- [EXERCISE]:
Within the entries below, please retype exactly the lines starting with the line that has "The painting depicts" and going on through the line that has "New Fashionable Ladies", but not the pictures.

- [MATERIAL PROVIDED]:

____________________

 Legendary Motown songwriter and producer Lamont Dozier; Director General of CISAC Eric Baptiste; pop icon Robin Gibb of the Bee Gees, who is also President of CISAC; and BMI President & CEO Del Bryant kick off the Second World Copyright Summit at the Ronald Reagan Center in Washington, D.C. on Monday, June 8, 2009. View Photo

____________________

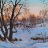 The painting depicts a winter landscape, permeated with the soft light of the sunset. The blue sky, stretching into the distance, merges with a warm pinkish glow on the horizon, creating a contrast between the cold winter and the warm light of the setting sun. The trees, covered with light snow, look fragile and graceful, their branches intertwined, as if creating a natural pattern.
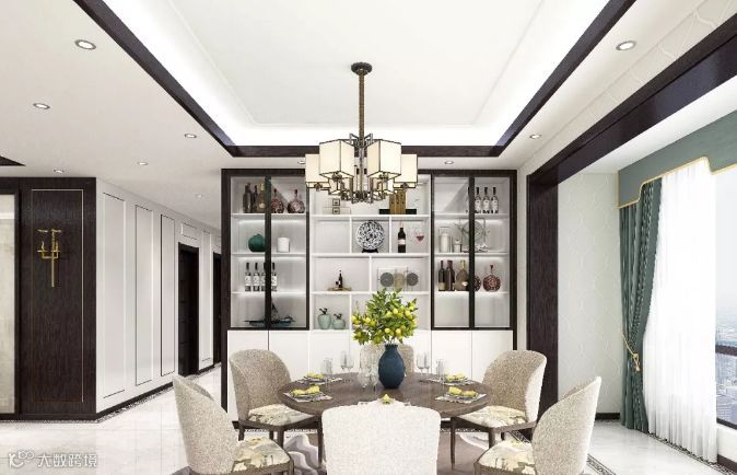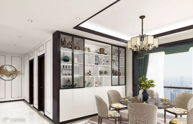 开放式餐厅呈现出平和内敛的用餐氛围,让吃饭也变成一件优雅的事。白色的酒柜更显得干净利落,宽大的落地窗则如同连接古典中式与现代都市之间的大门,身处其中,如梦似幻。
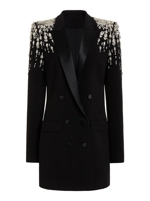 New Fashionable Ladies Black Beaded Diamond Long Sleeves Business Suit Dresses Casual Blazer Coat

____________________

- [THE COMPLETED TASK]:
 The painting depicts a winter landscape, permeated with the soft light of the sunset. The blue sky, stretching into the distance, merges with a warm pinkish glow on the horizon, creating a contrast between the cold winter and the warm light of the setting sun. The trees, covered with light snow, look fragile and graceful, their branches intertwined, as if creating a natural pattern.
 开放式餐厅呈现出平和内敛的用餐氛围,让吃饭也变成一件优雅的事。白色的酒柜更显得干净利落,宽大的落地窗则如同连接古典中式与现代都市之间的大门,身处其中,如梦似幻。
 New Fashionable Ladies Black Beaded Diamond Long Sleeves Business Suit Dresses Casual Blazer Coat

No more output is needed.